▶ _Provided data_:
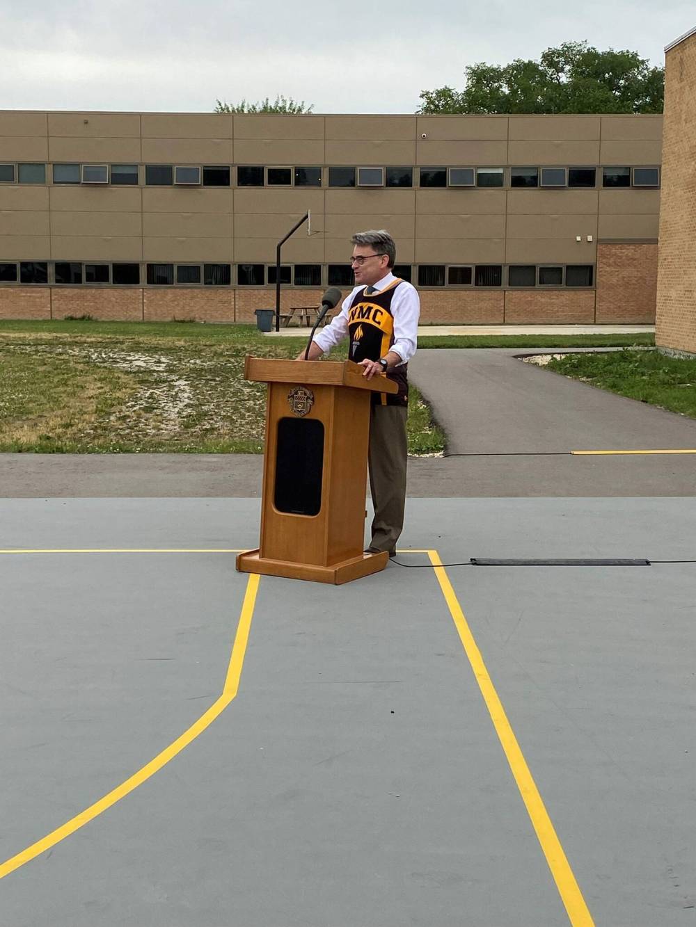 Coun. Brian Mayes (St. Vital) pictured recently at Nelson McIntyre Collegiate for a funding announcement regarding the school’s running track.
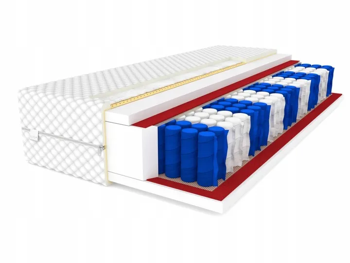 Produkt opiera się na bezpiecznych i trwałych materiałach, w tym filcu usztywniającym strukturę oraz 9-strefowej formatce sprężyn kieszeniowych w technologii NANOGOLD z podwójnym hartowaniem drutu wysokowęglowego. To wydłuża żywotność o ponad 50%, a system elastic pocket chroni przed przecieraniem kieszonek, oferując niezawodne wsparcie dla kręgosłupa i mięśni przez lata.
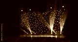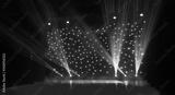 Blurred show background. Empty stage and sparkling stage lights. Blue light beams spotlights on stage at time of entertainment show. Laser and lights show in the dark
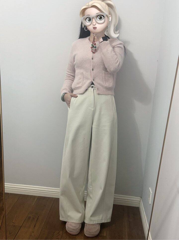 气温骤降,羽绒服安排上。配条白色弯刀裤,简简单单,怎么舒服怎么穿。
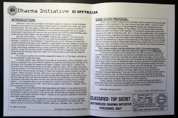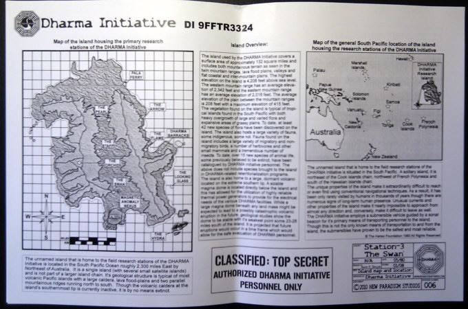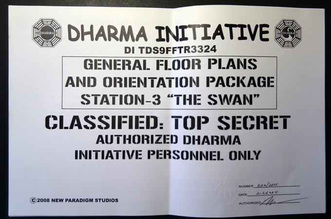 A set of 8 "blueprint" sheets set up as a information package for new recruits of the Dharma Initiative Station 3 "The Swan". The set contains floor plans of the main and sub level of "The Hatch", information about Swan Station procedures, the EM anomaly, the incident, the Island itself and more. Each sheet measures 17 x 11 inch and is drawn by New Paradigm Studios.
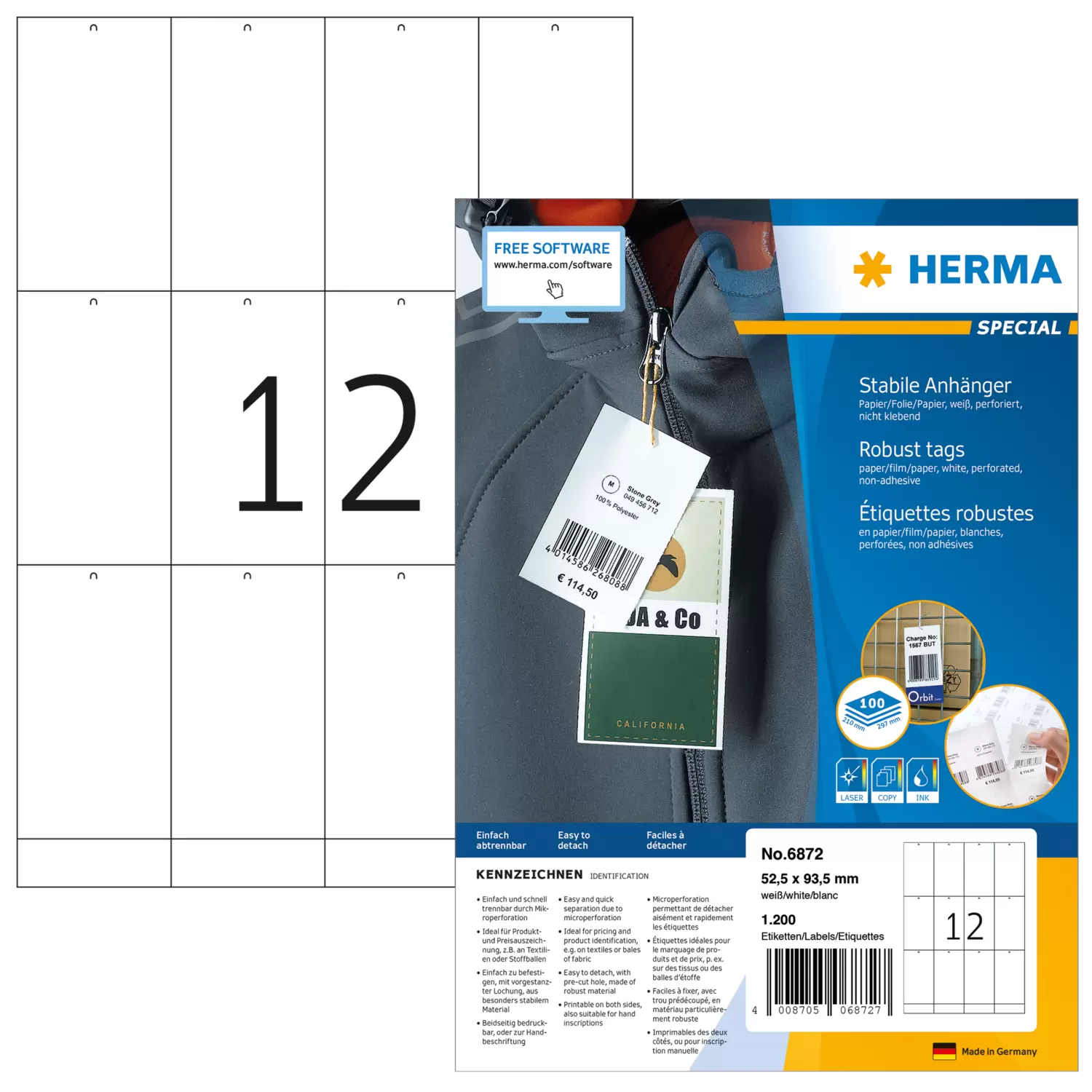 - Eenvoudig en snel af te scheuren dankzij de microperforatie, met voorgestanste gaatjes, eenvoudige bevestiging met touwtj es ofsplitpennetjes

* * *

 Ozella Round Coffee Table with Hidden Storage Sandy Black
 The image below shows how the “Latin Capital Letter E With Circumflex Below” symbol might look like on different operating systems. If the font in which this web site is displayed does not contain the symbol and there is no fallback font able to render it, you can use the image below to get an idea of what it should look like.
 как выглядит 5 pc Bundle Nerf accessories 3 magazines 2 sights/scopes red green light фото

▶ _What needs to be done_:
Repeat word for word the lines above that run from the line containing "Ozella Round Coffee" through the line containing "как выглядит 5", both ends included, and nothing else.

▶ _Task response_:
 Ozella Round Coffee Table with Hidden Storage Sandy Black
 The image below shows how the “Latin Capital Letter E With Circumflex Below” symbol might look like on different operating systems. If the font in which this web site is displayed does not contain the symbol and there is no fallback font able to render it, you can use the image below to get an idea of what it should look like.
 как выглядит 5 pc Bundle Nerf accessories 3 magazines 2 sights/scopes red green light фото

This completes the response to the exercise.